A Work of Heart seeks to alleviate the symptoms of lackluster leadership and spiritual bankruptcy suffered by ministers who have “not looked after their own hearts in the midst of dealing with the hearts of others.”

“The failure to pay attention to fundamental issues eventually leaves the leader, at the very least, bewildered and discouraged or, in the worst case, devastated,” McNeal warns. “The continuum of loss moves from the deferment of the leader’s life dreams to the shattering of a future no longer attainable.”

Observing the trend of ministers flocking to “how-to” conferences to improve their skills, McNeal laments that this is often a substitute for genuine spiritual leadership. He believes “the prevailing mantra” is that if ministers do what some spiritual leader did, then they will see similar results.

“Maybe so, but probably not,” McNeal remarks. “Capturing and mimicking their techniques will not deliver spiritual breakthrough. That happens only on the heart level.”

The remedy, he says, is “heart-shaping,” a term for spiritual formation that he prefers because it’s a warmer, more intuitively understood phrase. Shaping the heart is done by God, who superintends a life’s development, and by human choice.

McNeal’s basic premise in A Work of Heart is that leaders’ lives are like great stories, which consist not only of a major story line but also a set of subplots. “These subplots reflect different arenas of the leader’s life in which God is at work,” he explains.

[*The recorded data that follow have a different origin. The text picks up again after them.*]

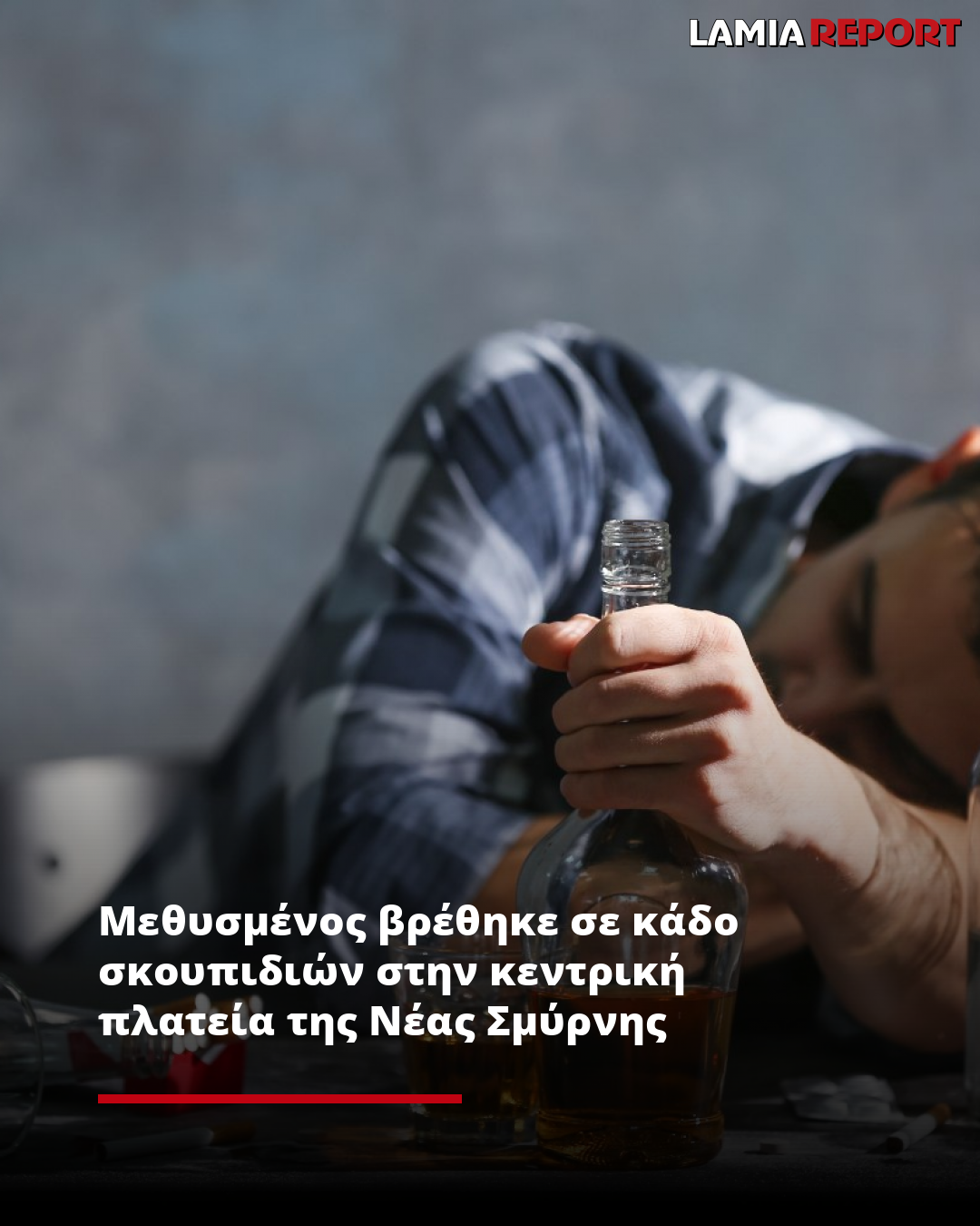 Μεθυσμένος βρέθηκε σε κάδο σκουπιδιών στην κεντρική πλατεία της Νέας Σμύρνης
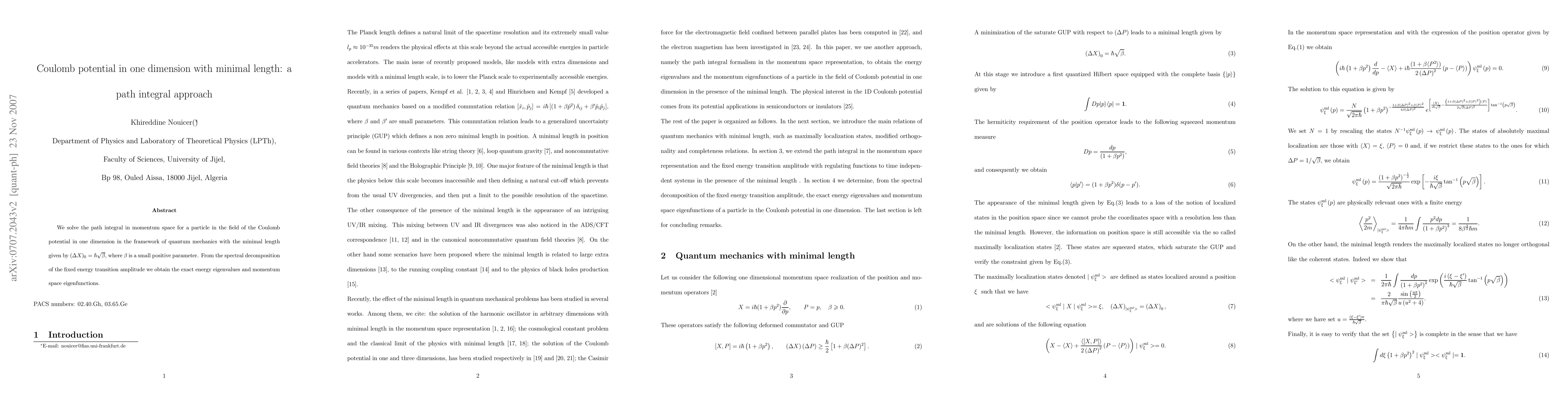 This paper solves the path integral in momentum space for a particle in a one-dimensional Coulomb potential, incorporating a minimal length $(\Delta X)_{0}=\hbar \sqrt{\beta}$. The study derives exact energy eigenvalues and momentum space eigenfunctions through the spectral decomposition of the fixed energy transition amplitude.
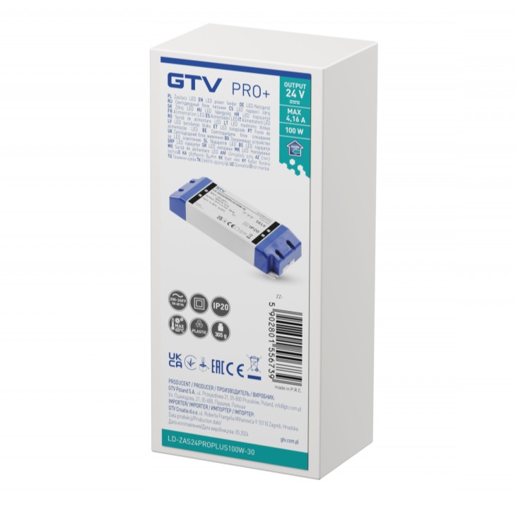 Alimentation / driver LED GTV PRO+ LD-ZAS24PROPLUS100W-30, sortie 24 V DC – 100 W (≈4,16 A), entrée 220–240 V AC 50/60 Hz, IP20, boîtier plastique 180 × 66 × 32 mm, classe II.
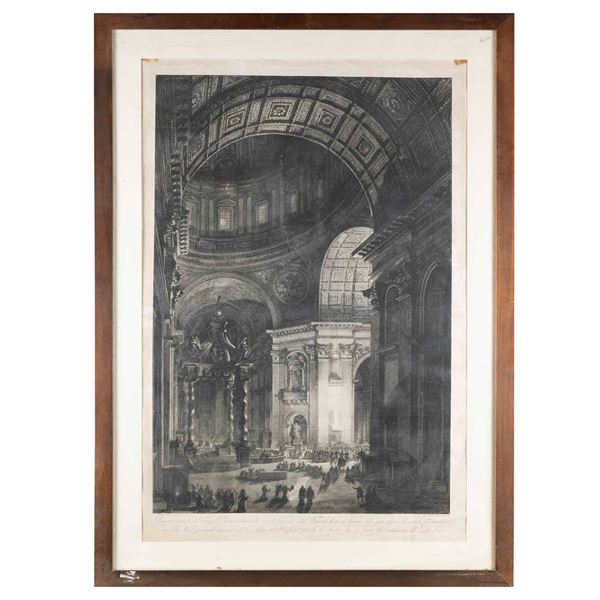 "Interior of the Basilica of San Pietro", engraving, within frame
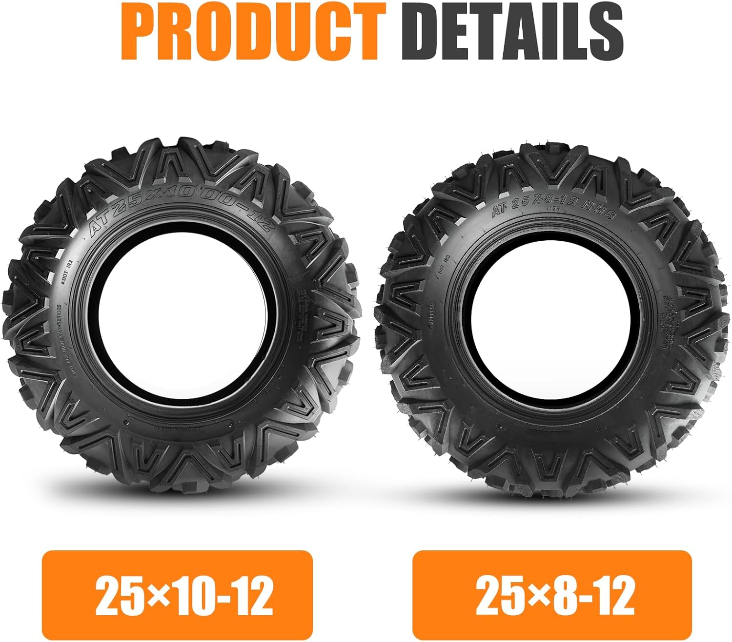 Complete 4-Tire Set: You will get 2 * 25x8x12 front tires and 2 * 25x10x12 rear tires delivered in 2 separate packages that may arrive at different times; please allow 1-2 days between deliveries if your order arrives partially
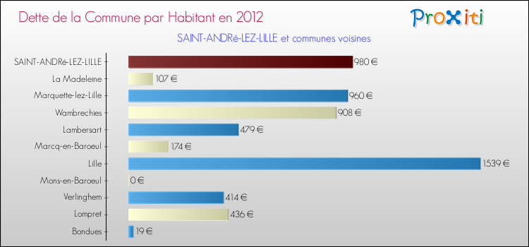 A Saint-André-lez-Lille, la dette due par habitant de la commune en 2012 est donc plus élevée de 2.62 % que pour des communes similaires.
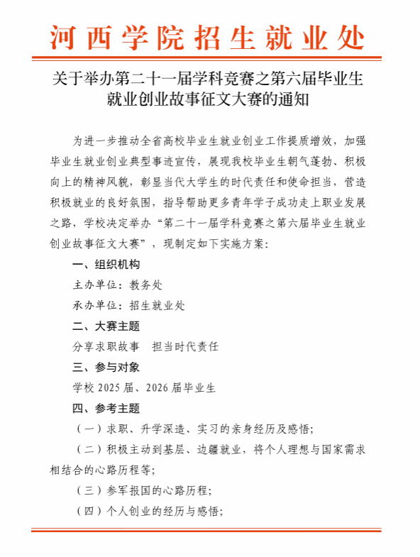 关于举办第二十届学科竞赛之第六届毕业生就业创业故事征文大赛的通知
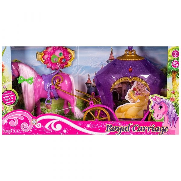 Комплектът съдържа дворец с отваряеми врати, музика, вълшебни звуци и светлинни ефекти, каляска с кон, фигурки на принц и принцеса, обзавеждане и аксесоари.

He identifies six subplots which God uses to shape the heart of any leader: culture — historical period, political situation and societal mores; call — personal conviction of one’s mission in life; community — family, friendships and faith groups; communion — cultivating one’s relationship with God; conflict — confronting and growing through destructive forces; and the commonplace — finding God in ordinary events and routines.

These six subplots serve as the framework for McNeal’s book. In the first half, he examines the lives of Moses, David, Paul and Jesus to discover clues of how God works in the lives of every leader’s heart. Then McNeal explores how each subplot also shapes the lives of today’s leaders, offering practical applications to help identify “heart-shaping” influences in their lives.

“My experience as a minister, a leadership consultant and a minister to ministers has led me to conclude that many Christian leaders do not understand their own developing life story,” McNeal asserts. “They do not have a clear picture of the heart-shaping subplots that in the long run create their life and leadership legacy.”

A Work of Heart is not about “some new methodological approach to your leadership, nor is it designed to remediate flaws or deficiencies,” McNeal says. “The goal is to get you acquainted with the most important information you will need as a leader — self-understanding.”